((
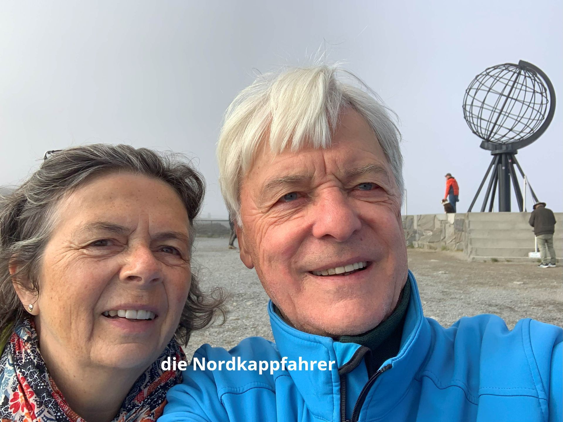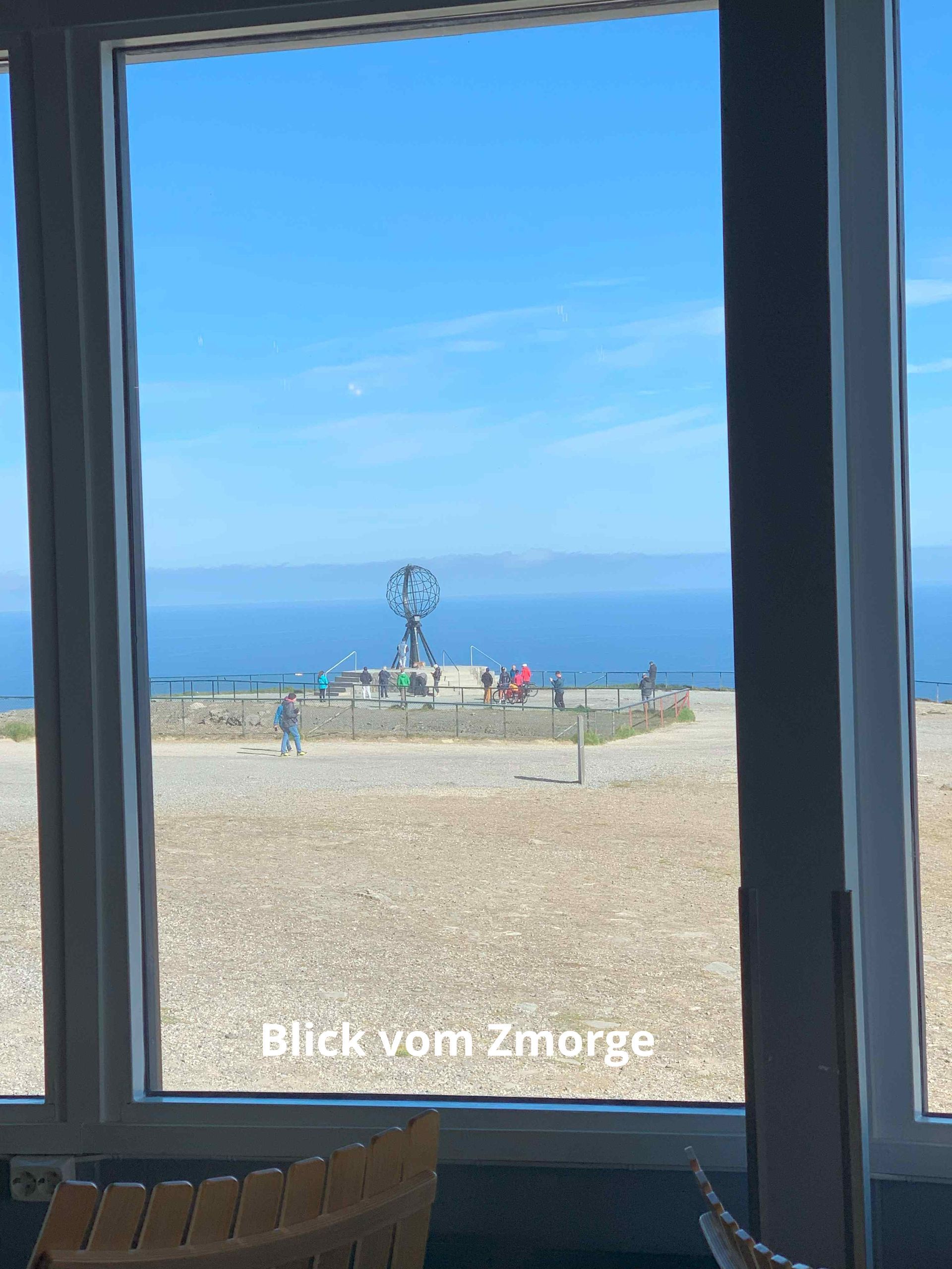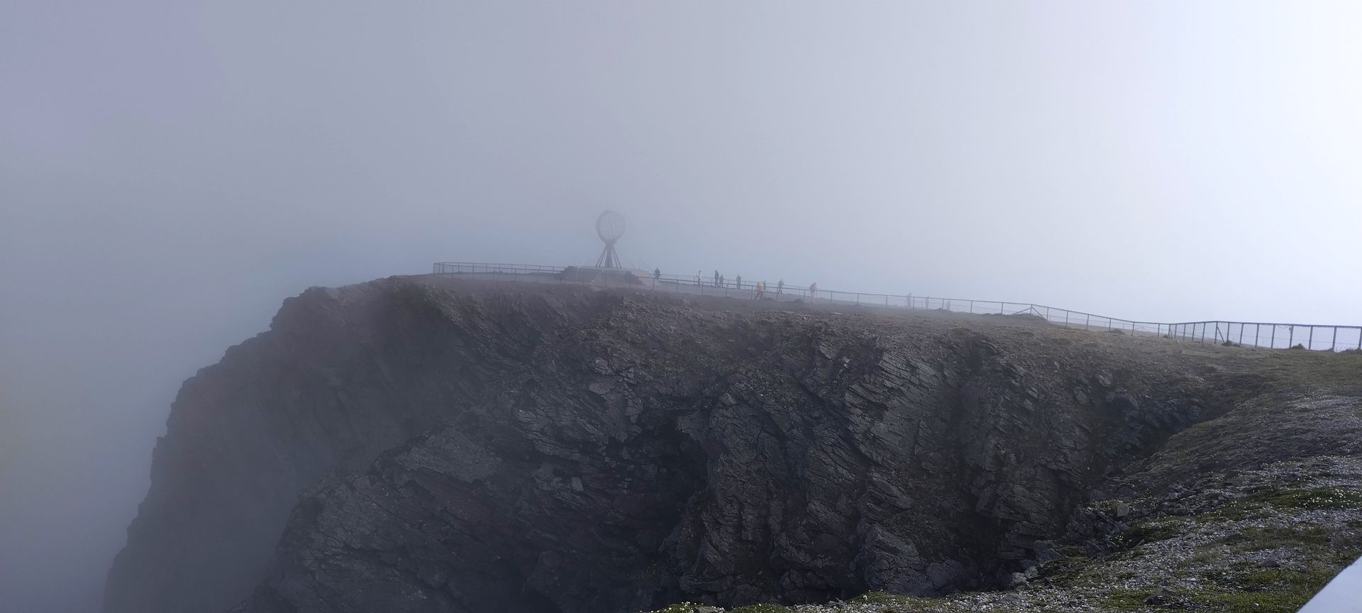 Am nächsten Morgen gehen wir zur Weltkugel. Wir sind fast allein im dichten Nebel. Ein Paar, das die ganze Nacht durchgefahren ist, zeigt sich enttäuscht. Einige Tourenfahrer hieven ihr Velo zur Kugel für einen Beweis ihres Erfolgs. Wir klatschen dazu. Aber dann verzieht sich der Nebel wieder, Sonne und freie Sicht zum Nordpol. Das Kaffee öffnet erst um 11 Uhr darum gönnen wir uns ein Zmorge im Restaurant. Dann fahren wir zurück nach Honningsvag.
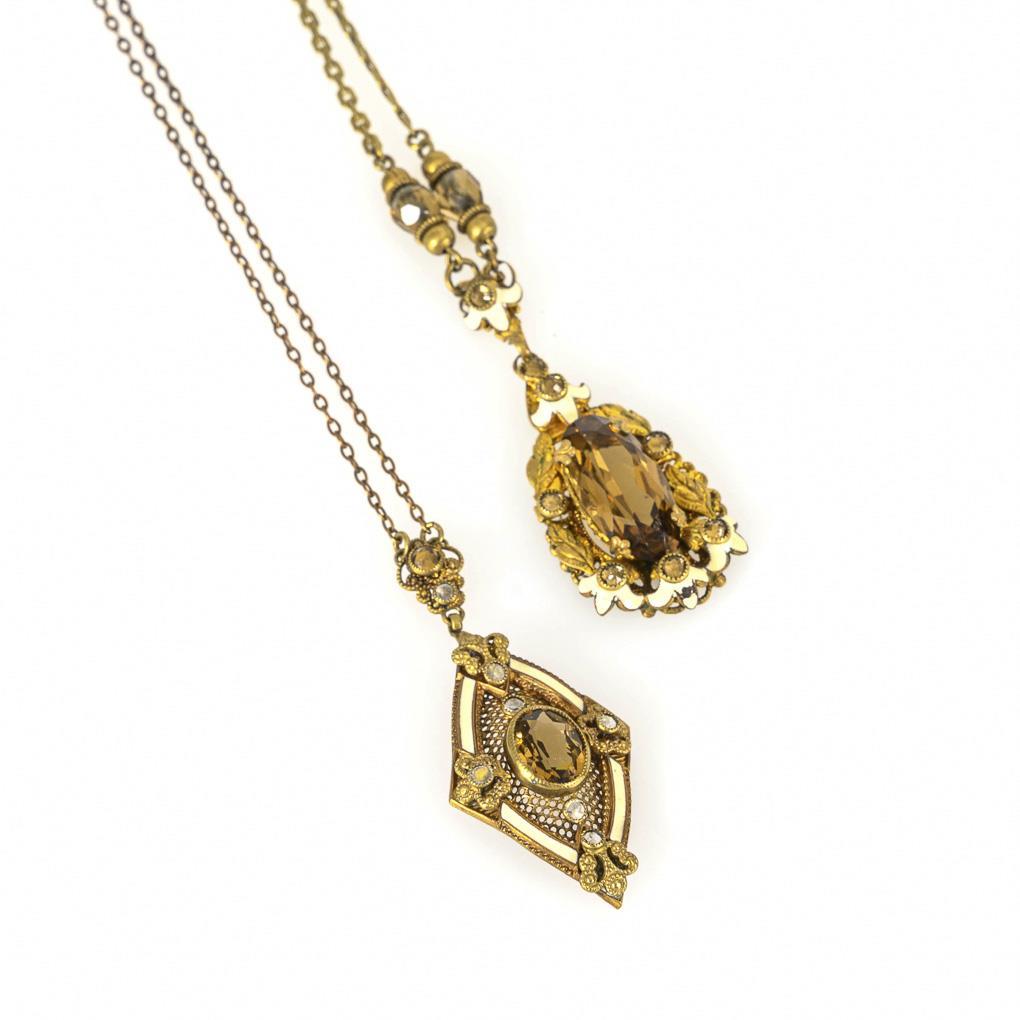 Relief ornamental pendants with imitation bezel-set and claw-set decoration, partially enameled, between decorative chains with screw clasps. 1 small enamel flaw.
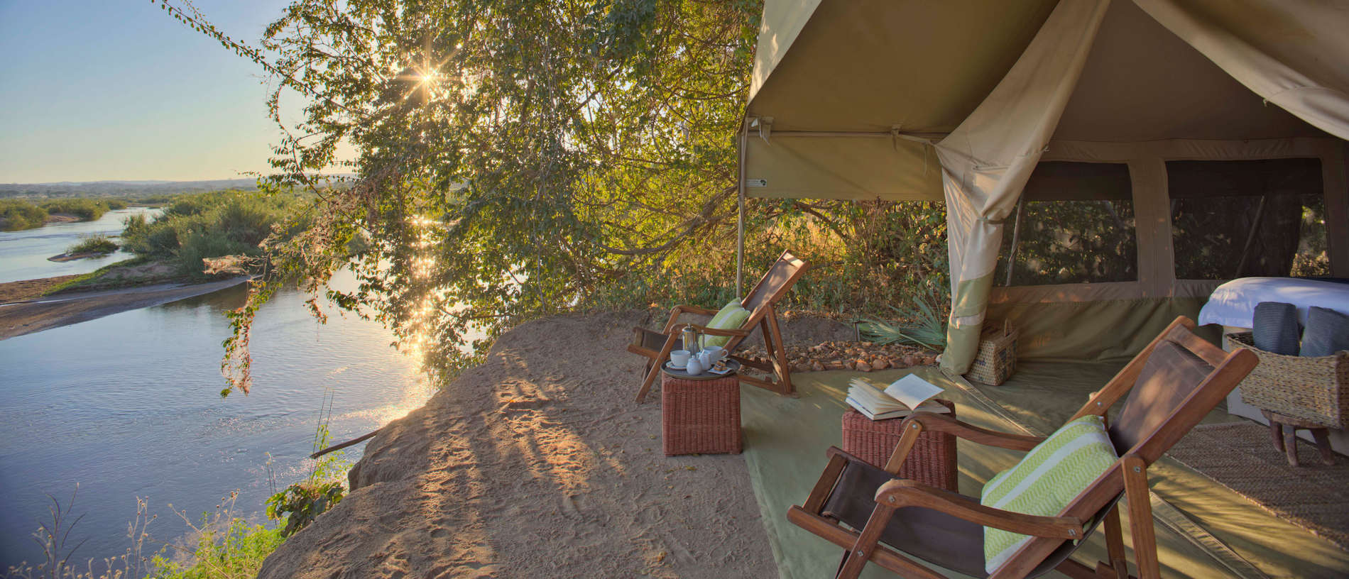 Die Zelte des Basiscamps sind funktional mit Eimerdusche und Buschtoilette ausgestattet und werden saisonal an dem Ort im Nationalpark aufgebaut, den Moli und Noelle als nächstes näher erkunden möchten. Das Zentrum des Camps bildet ein zu allen Seiten hin geöffnetes Hauptzelt, in dem am Abend zusammen gegessen wird und wo Sie sich in komfortablen Stühlen niederlassen und entspannen können.
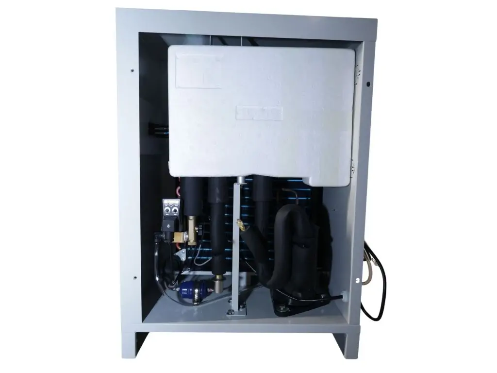В основе работы осушителя рефрижераторного типа - охлаждение сжатого воздуха до температуры ниже точки конденсации влаги. После этого конденсат удаляется через дренажную систему, а сжатый воздух нагревается до комнатной температуры и подается на выход.
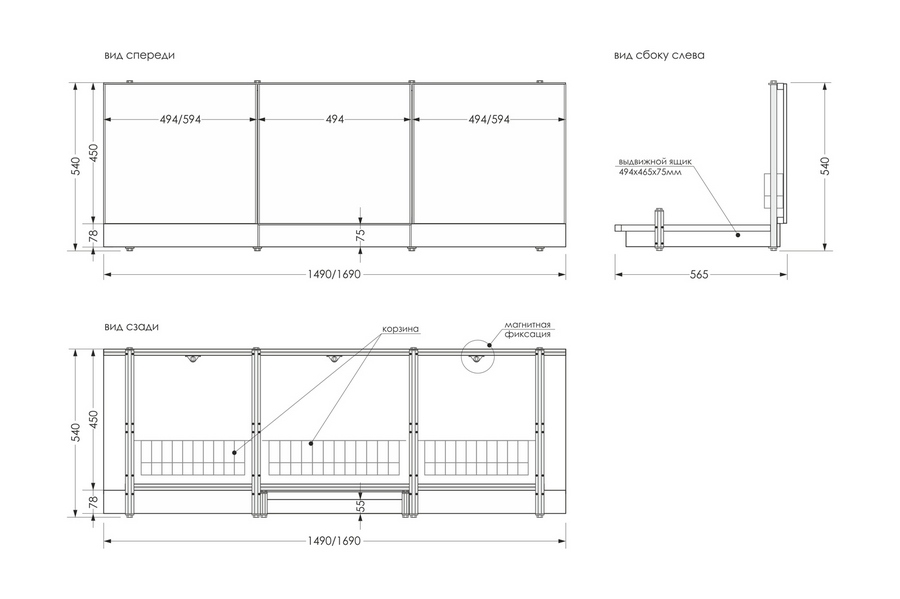 Универсальный экран под ванну Метакам 3 двери с ящиком 170
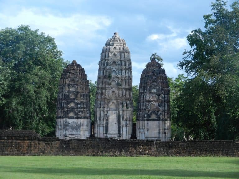 Thais and Cambodians share a long border, but like French and Germans, their cultures have dramatically different traits. Some of Sukhothai’s temples blend both. Wat
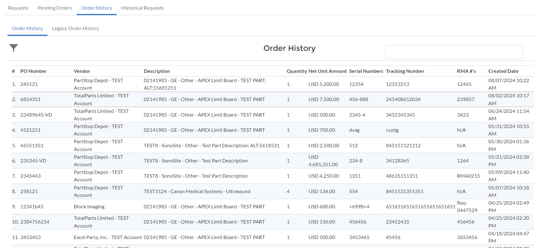 View your team's order history at a glance. Search by PN or PO# to view the purchase price, the vendor you bought from, the tracking number, and vendor RMA information.
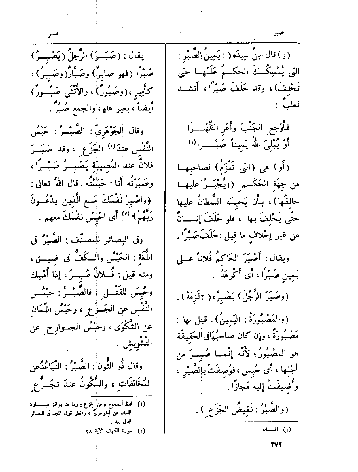 وَقَالَ الجَوْهَرِيّ: الصَّبْرُ: حَبْسُ النَّفْسِ عندَ الجَزَعِ، وَقد صَبَرَ فلانٌ عِنْد المُصِيبَةِ يَصْبِرُ صَبْراً، وصَبَرْتُه أَنا: حَبَسْتُه، قَالَ اللَّهُ تَعَالَى: {وَاصْبِرْ نَفْسَكَ مَعَ الَّذِينَ يَدْعُونَ رَبَّهُم} (الْكَهْف: 28) ، أَي احْبِسْ نفْسَكَ مَعَهم.
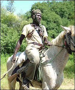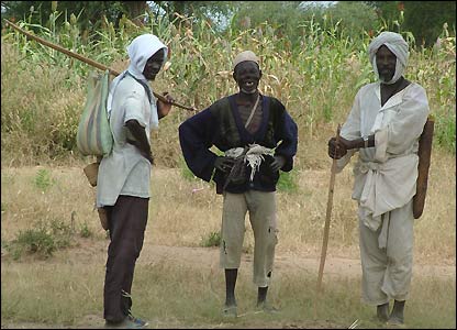 بعضی روستائيان سلاح با خود حمل می کنند اما ادعا می کنند که سلاحها متعلق به جنجويدهايی است که کشته يا زخمی می شوند. بسياری مانند اين مرد اشيائی از گردن يا کمر خود آويزان می کنند که معتقدند شر را از آنها دور می کند.
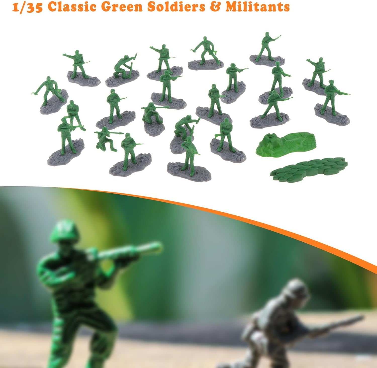 * 【Pacchetto incluso】: Il pacchetto include 18 mini modelli di soldati e 2 modelli di bunker, altezza del soldato 4 cm-5 cm / 1,57 pollici-1,97 pollici * 【Base stabile】: il set di figure di soldati 1/35 presenta basi stabili e ingrandite, indipendenti, facili da disporre, arricchendo le scene del tuo modello * 【Ampie applicazioni】: le statuette di persone in miniatura sono ideali per giocattoli da costruzione di scenari da tavolo di sabbia, modelli architettonici, scene in miniatura, decorazioni per micro paesaggi, ornamenti da scrivania, layout di diorama, ecc. * 【Ottimi regali】: i modelli di mini soldati in scala 1:35 sono graziosi giocattoli da gioco per uomini e ragazzi e sono belle aggiunte alla collezione di qualsiasi appassionato di modellismo * 【Materiale Premium】: Le minifigure 1:35 sono realizzate in materiale PP di alta qualità, hanno una lavorazione e dettagli raffinati, non si rompono facilmente e garantiscono un lungo periodo di utilizzo
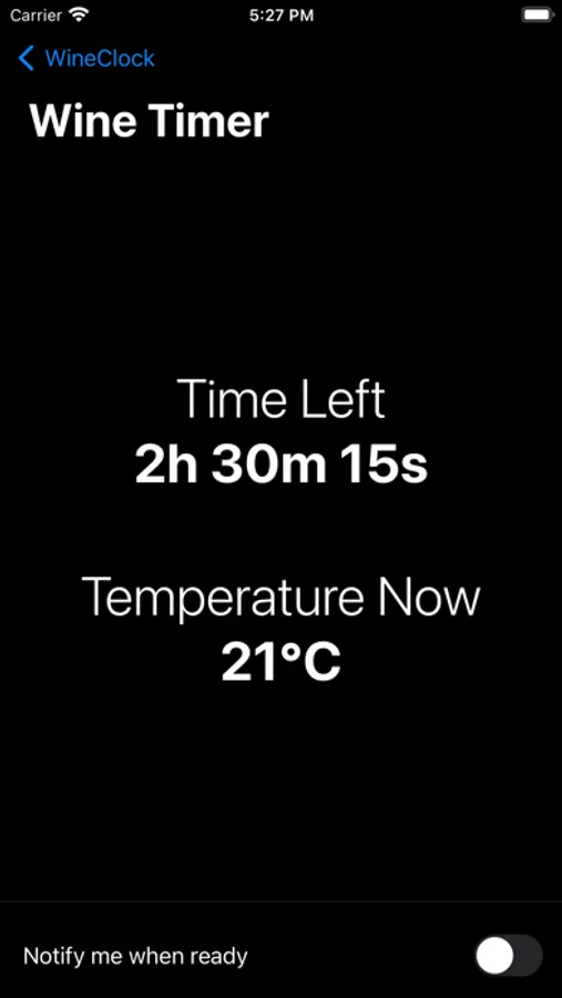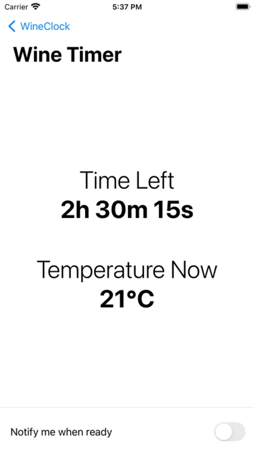 If you start the timer you will see the time counting down until drinking time, and also the current temperature of the wine. You also have the option to get a notification when the temperature has been reached.
))
• **WORK ITEM**: From the first line to the last, copy the records exactly and skip the pictures.

• **RESULT FOR THIS TASK**:
 Am nächsten Morgen gehen wir zur Weltkugel. Wir sind fast allein im dichten Nebel. Ein Paar, das die ganze Nacht durchgefahren ist, zeigt sich enttäuscht. Einige Tourenfahrer hieven ihr Velo zur Kugel für einen Beweis ihres Erfolgs. Wir klatschen dazu. Aber dann verzieht sich der Nebel wieder, Sonne und freie Sicht zum Nordpol. Das Kaffee öffnet erst um 11 Uhr darum gönnen wir uns ein Zmorge im Restaurant. Dann fahren wir zurück nach Honningsvag.
 Relief ornamental pendants with imitation bezel-set and claw-set decoration, partially enameled, between decorative chains with screw clasps. 1 small enamel flaw.
 Die Zelte des Basiscamps sind funktional mit Eimerdusche und Buschtoilette ausgestattet und werden saisonal an dem Ort im Nationalpark aufgebaut, den Moli und Noelle als nächstes näher erkunden möchten. Das Zentrum des Camps bildet ein zu allen Seiten hin geöffnetes Hauptzelt, in dem am Abend zusammen gegessen wird und wo Sie sich in komfortablen Stühlen niederlassen und entspannen können.
В основе работы осушителя рефрижераторного типа - охлаждение сжатого воздуха до температуры ниже точки конденсации влаги. После этого конденсат удаляется через дренажную систему, а сжатый воздух нагревается до комнатной температуры и подается на выход.
 Универсальный экран под ванну Метакам 3 двери с ящиком 170
 Thais and Cambodians share a long border, but like French and Germans, their cultures have dramatically different traits. Some of Sukhothai’s temples blend both. Wat
 View your team's order history at a glance. Search by PN or PO# to view the purchase price, the vendor you bought from, the tracking number, and vendor RMA information.
 وَقَالَ الجَوْهَرِيّ: الصَّبْرُ: حَبْسُ النَّفْسِ عندَ الجَزَعِ، وَقد صَبَرَ فلانٌ عِنْد المُصِيبَةِ يَصْبِرُ صَبْراً، وصَبَرْتُه أَنا: حَبَسْتُه، قَالَ اللَّهُ تَعَالَى: {وَاصْبِرْ نَفْسَكَ مَعَ الَّذِينَ يَدْعُونَ رَبَّهُم} (الْكَهْف: 28) ، أَي احْبِسْ نفْسَكَ مَعَهم.
 بعضی روستائيان سلاح با خود حمل می کنند اما ادعا می کنند که سلاحها متعلق به جنجويدهايی است که کشته يا زخمی می شوند. بسياری مانند اين مرد اشيائی از گردن يا کمر خود آويزان می کنند که معتقدند شر را از آنها دور می کند.
 * 【Pacchetto incluso】: Il pacchetto include 18 mini modelli di soldati e 2 modelli di bunker, altezza del soldato 4 cm-5 cm / 1,57 pollici-1,97 pollici * 【Base stabile】: il set di figure di soldati 1/35 presenta basi stabili e ingrandite, indipendenti, facili da disporre, arricchendo le scene del tuo modello * 【Ampie applicazioni】: le statuette di persone in miniatura sono ideali per giocattoli da costruzione di scenari da tavolo di sabbia, modelli architettonici, scene in miniatura, decorazioni per micro paesaggi, ornamenti da scrivania, layout di diorama, ecc. * 【Ottimi regali】: i modelli di mini soldati in scala 1:35 sono graziosi giocattoli da gioco per uomini e ragazzi e sono belle aggiunte alla collezione di qualsiasi appassionato di modellismo * 【Materiale Premium】: Le minifigure 1:35 sono realizzate in materiale PP di alta qualità, hanno una lavorazione e dettagli raffinati, non si rompono facilmente e garantiscono un lungo periodo di utilizzo
 If you start the timer you will see the time counting down until drinking time, and also the current temperature of the wine. You also have the option to get a notification when the temperature has been reached.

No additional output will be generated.